- _RECORDS PROVIDED_

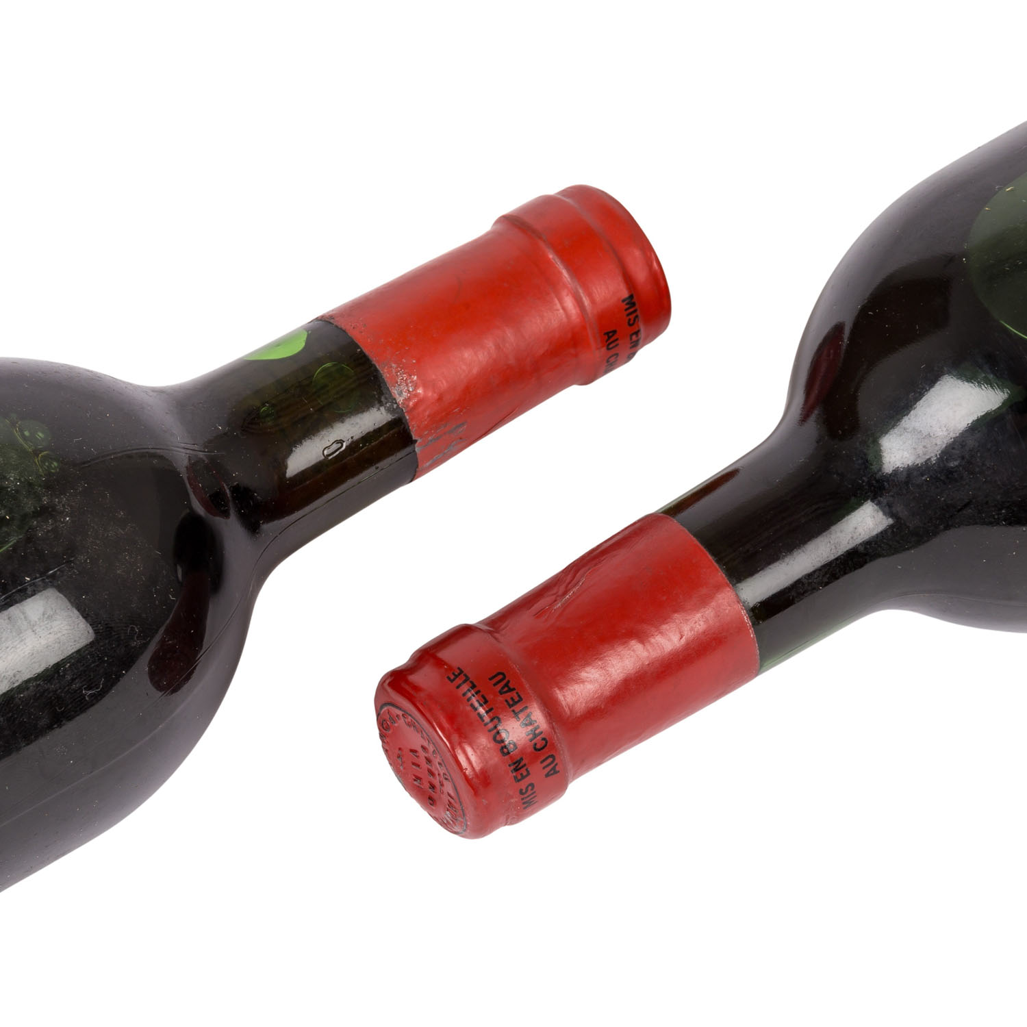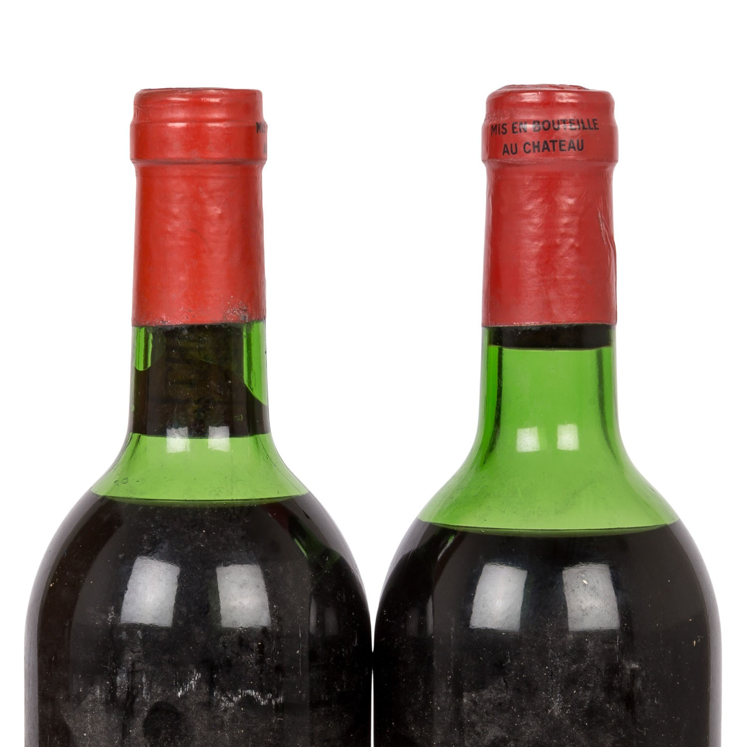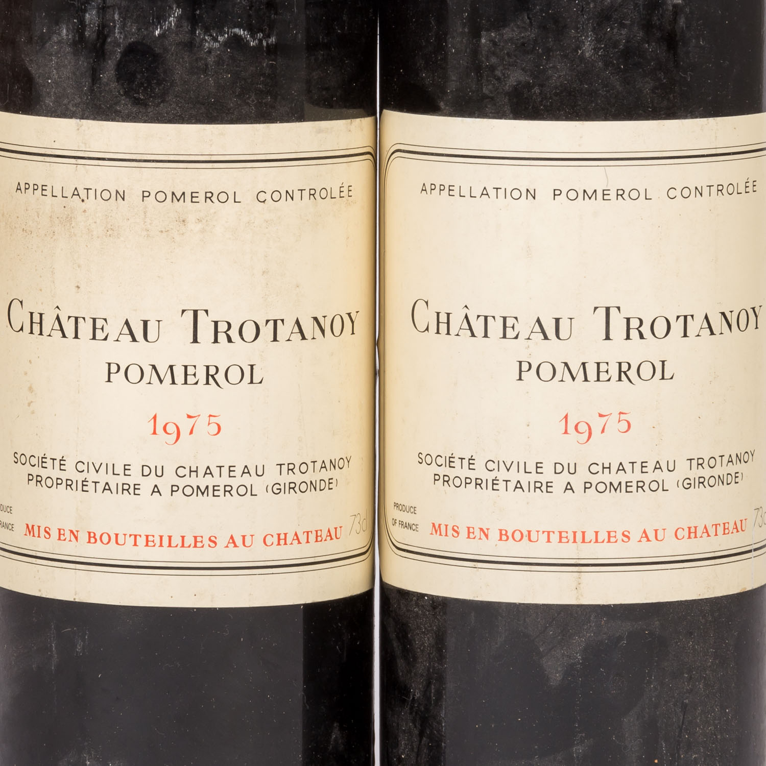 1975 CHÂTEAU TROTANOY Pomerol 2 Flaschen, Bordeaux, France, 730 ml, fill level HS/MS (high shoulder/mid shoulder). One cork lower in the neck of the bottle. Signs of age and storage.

* * *

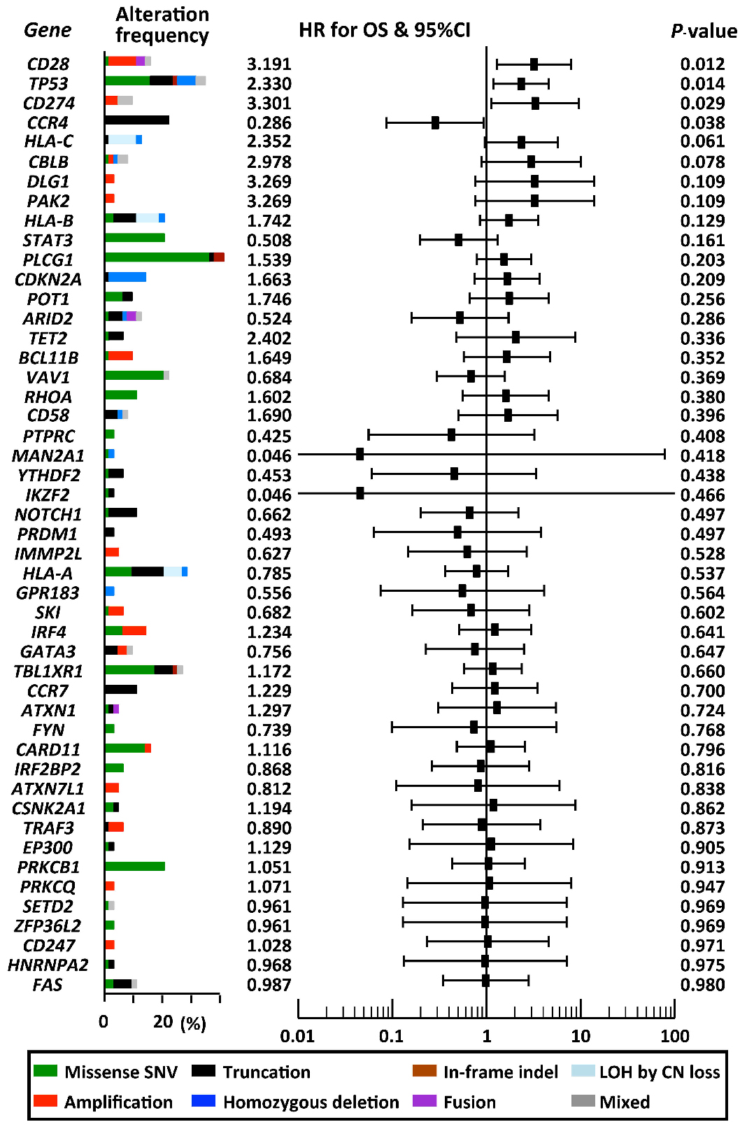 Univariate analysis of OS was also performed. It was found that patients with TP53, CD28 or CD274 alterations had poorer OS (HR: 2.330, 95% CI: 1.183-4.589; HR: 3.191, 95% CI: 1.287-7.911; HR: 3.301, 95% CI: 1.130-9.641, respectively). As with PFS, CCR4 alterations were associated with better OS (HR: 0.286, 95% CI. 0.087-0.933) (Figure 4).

==

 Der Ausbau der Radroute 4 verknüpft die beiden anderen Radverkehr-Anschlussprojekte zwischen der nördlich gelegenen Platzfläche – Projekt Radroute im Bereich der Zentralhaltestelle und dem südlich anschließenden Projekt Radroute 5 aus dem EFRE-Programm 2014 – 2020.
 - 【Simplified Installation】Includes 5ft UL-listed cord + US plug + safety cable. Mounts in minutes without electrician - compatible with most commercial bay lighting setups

- _HOW TO COMPLETE THIS TASK_
Everything from the line containing "Der Ausbau der" through the line containing "- 【Simplified Installation】Includes" in the material above should be retyped exactly, both ends included, and nothing more.

- _RESPONSE TO THIS TASK_
 Der Ausbau der Radroute 4 verknüpft die beiden anderen Radverkehr-Anschlussprojekte zwischen der nördlich gelegenen Platzfläche – Projekt Radroute im Bereich der Zentralhaltestelle und dem südlich anschließenden Projekt Radroute 5 aus dem EFRE-Programm 2014 – 2020.
 - 【Simplified Installation】Includes 5ft UL-listed cord + US plug + safety cable. Mounts in minutes without electrician - compatible with most commercial bay lighting setups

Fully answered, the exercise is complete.